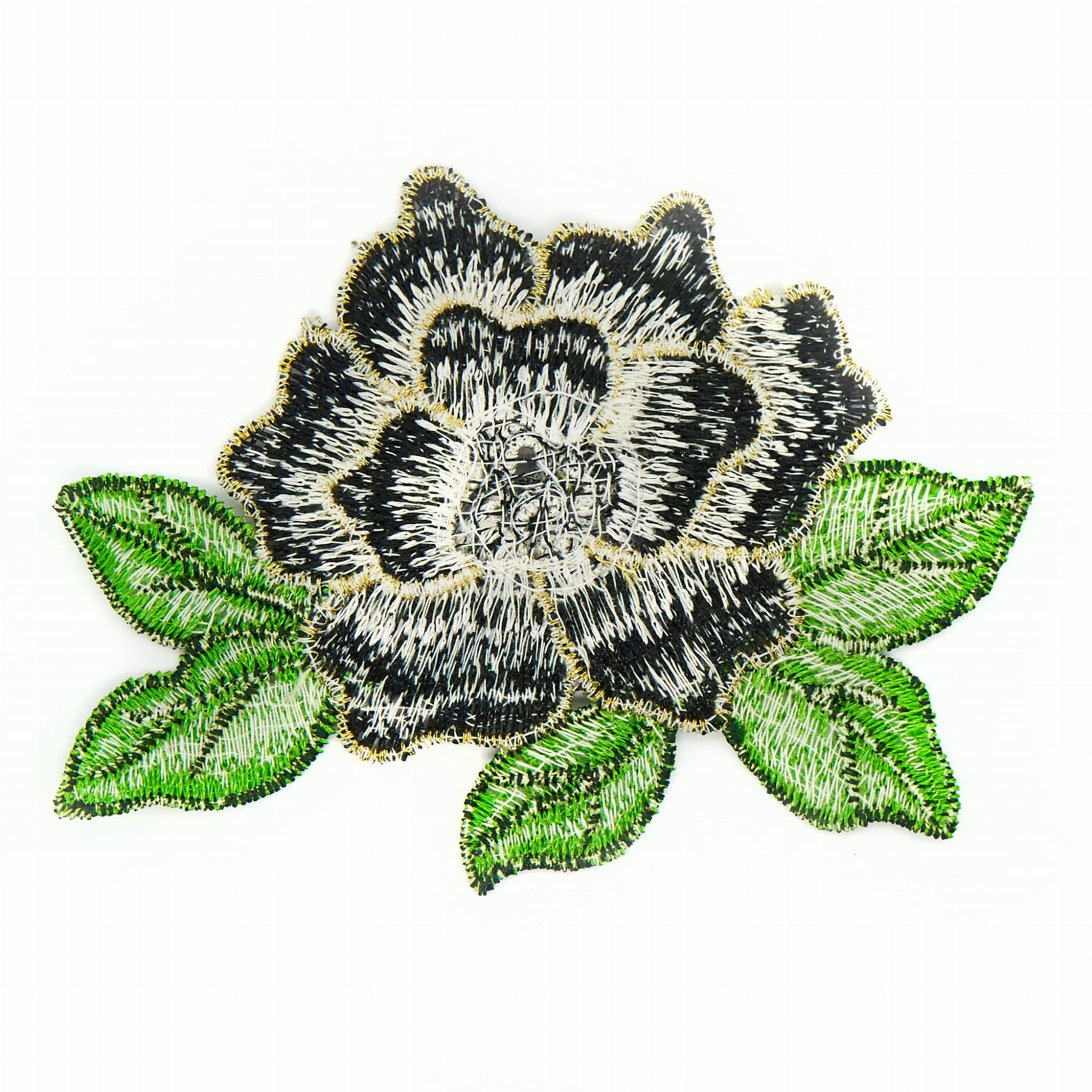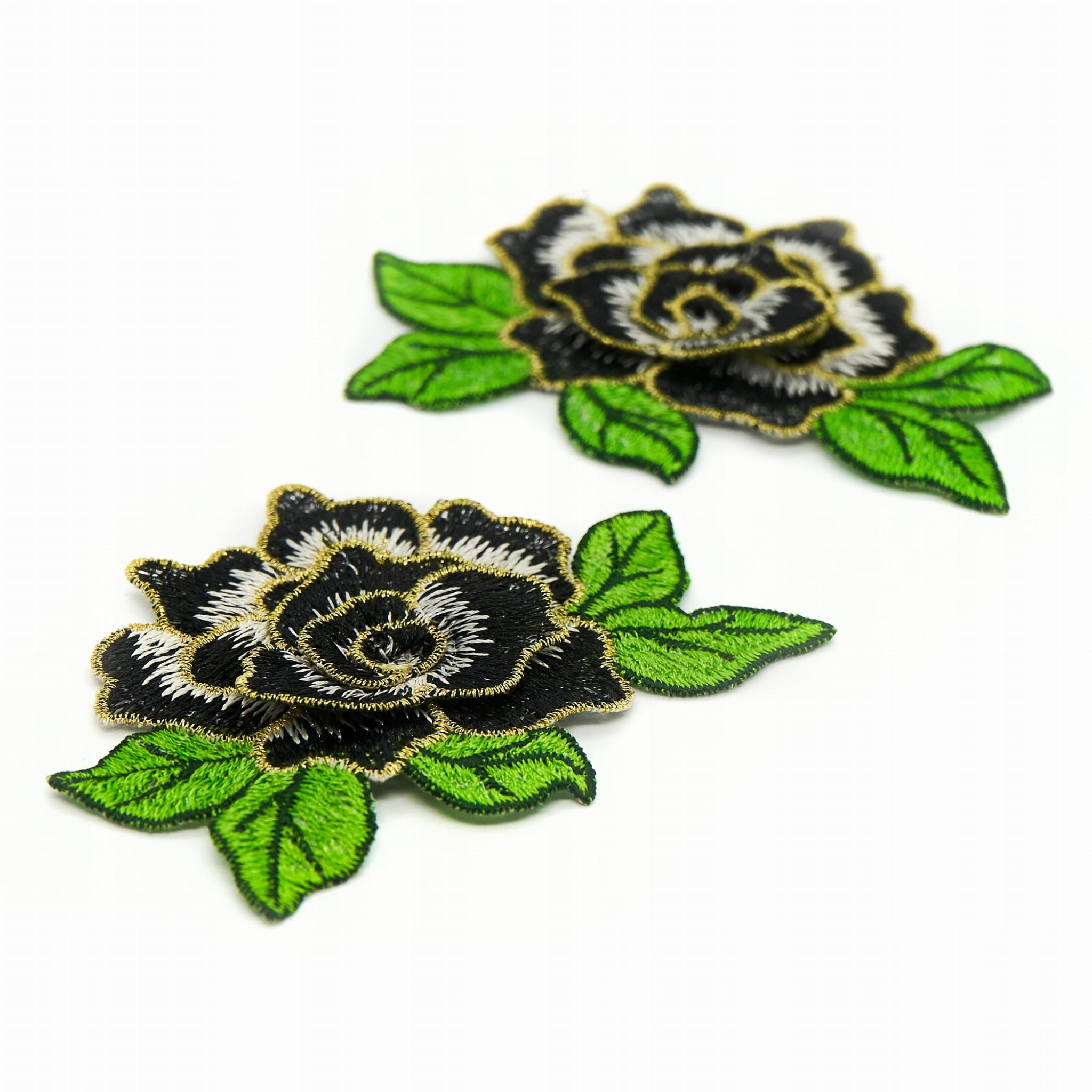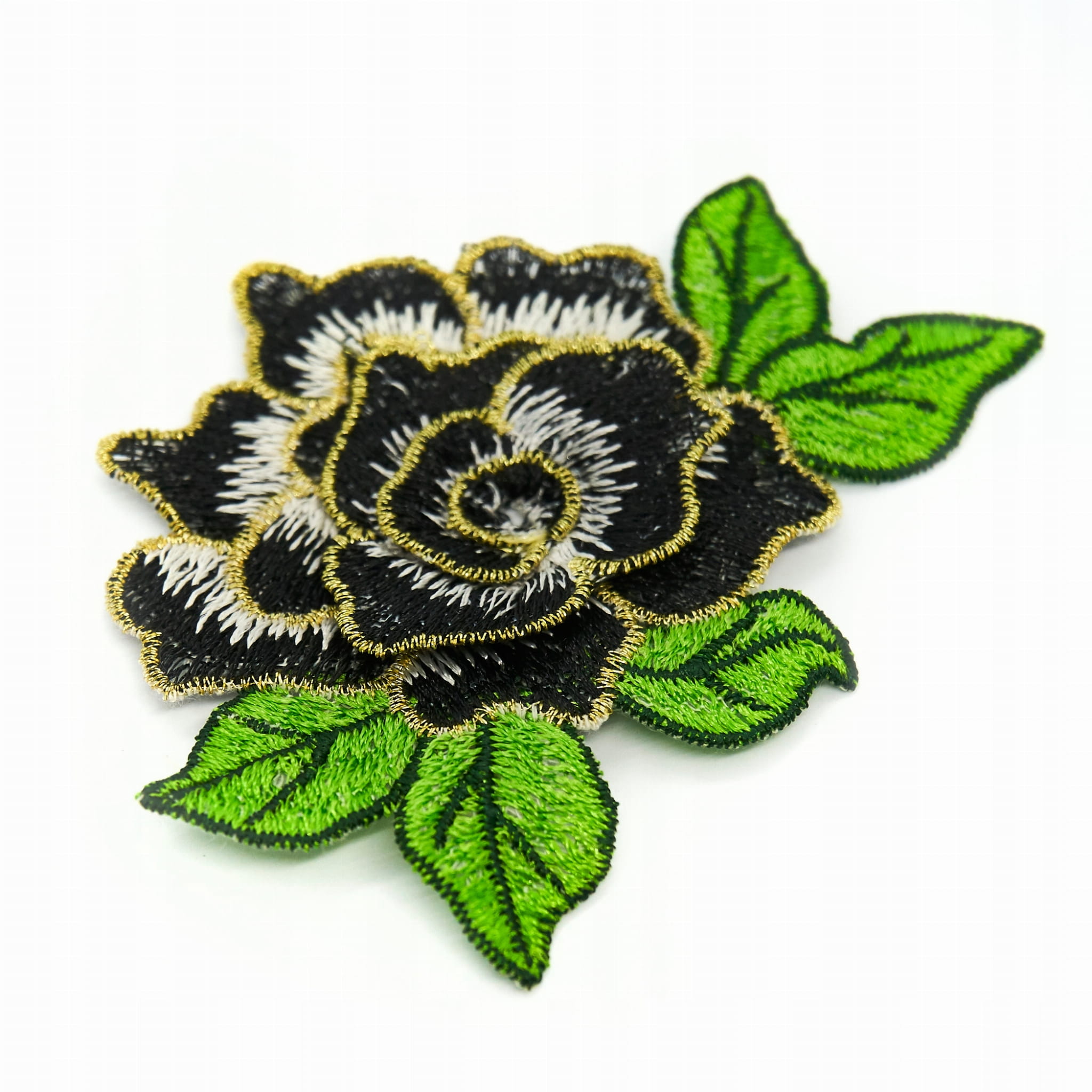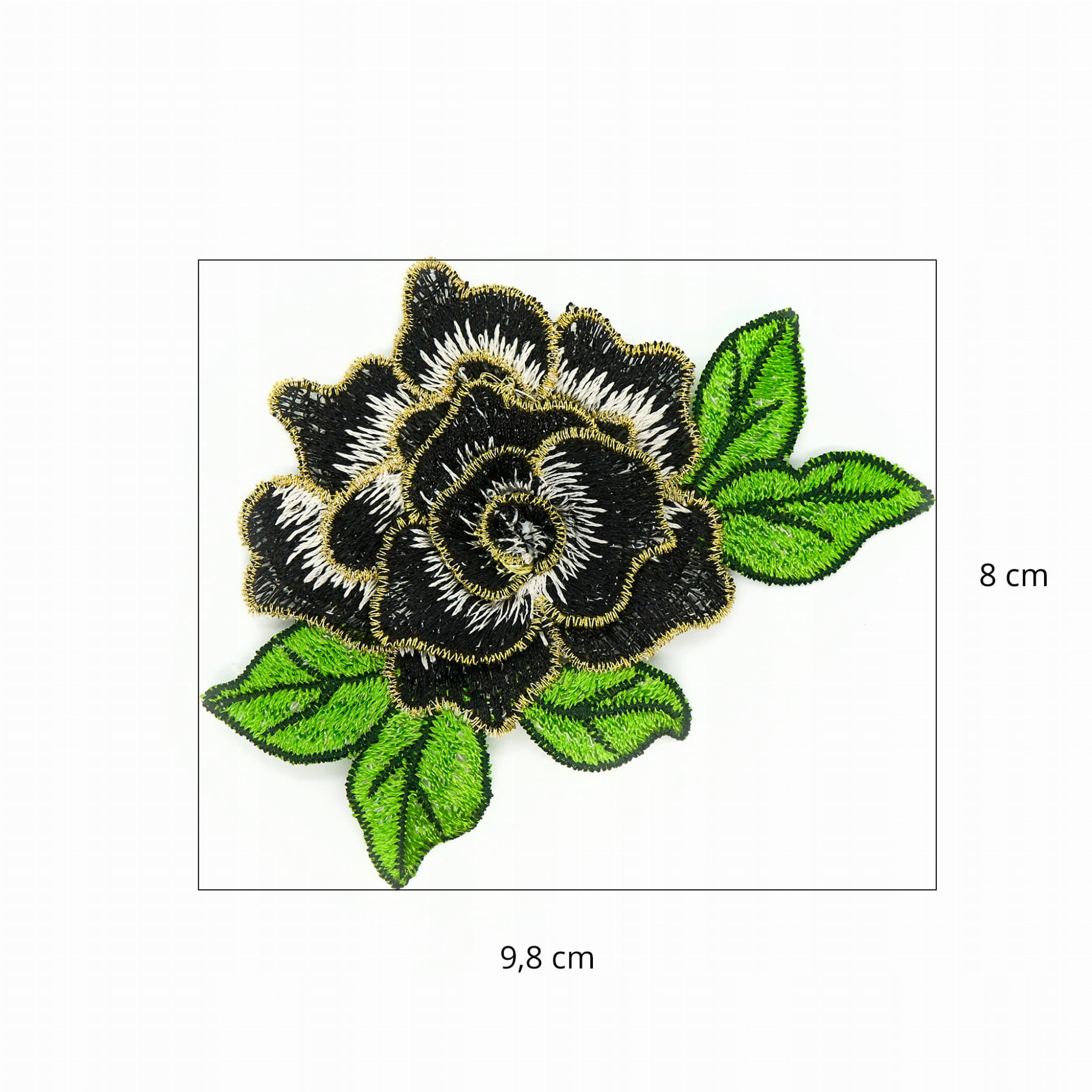Aplikacja CZARNA róża ze złotymi obszyciami i zielonymi listkami.
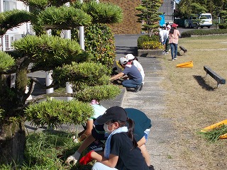 朝方の雨がうそのように晴れ渡った5時間目に、全校で除草活動を行いました。学校支援ボランティアの方も5名参加していただきました。
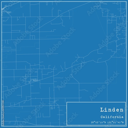 © Rezona, Fototapeta premium Blueprint US city map of Linden, California.

_ _ _

What is needed >> Copy out the material word for word, without any images.

Exercise answer >>
Aplikacja CZARNA róża ze złotymi obszyciami i zielonymi listkami.
 朝方の雨がうそのように晴れ渡った5時間目に、全校で除草活動を行いました。学校支援ボランティアの方も5名参加していただきました。
 © Rezona, Fototapeta premium Blueprint US city map of Linden, California.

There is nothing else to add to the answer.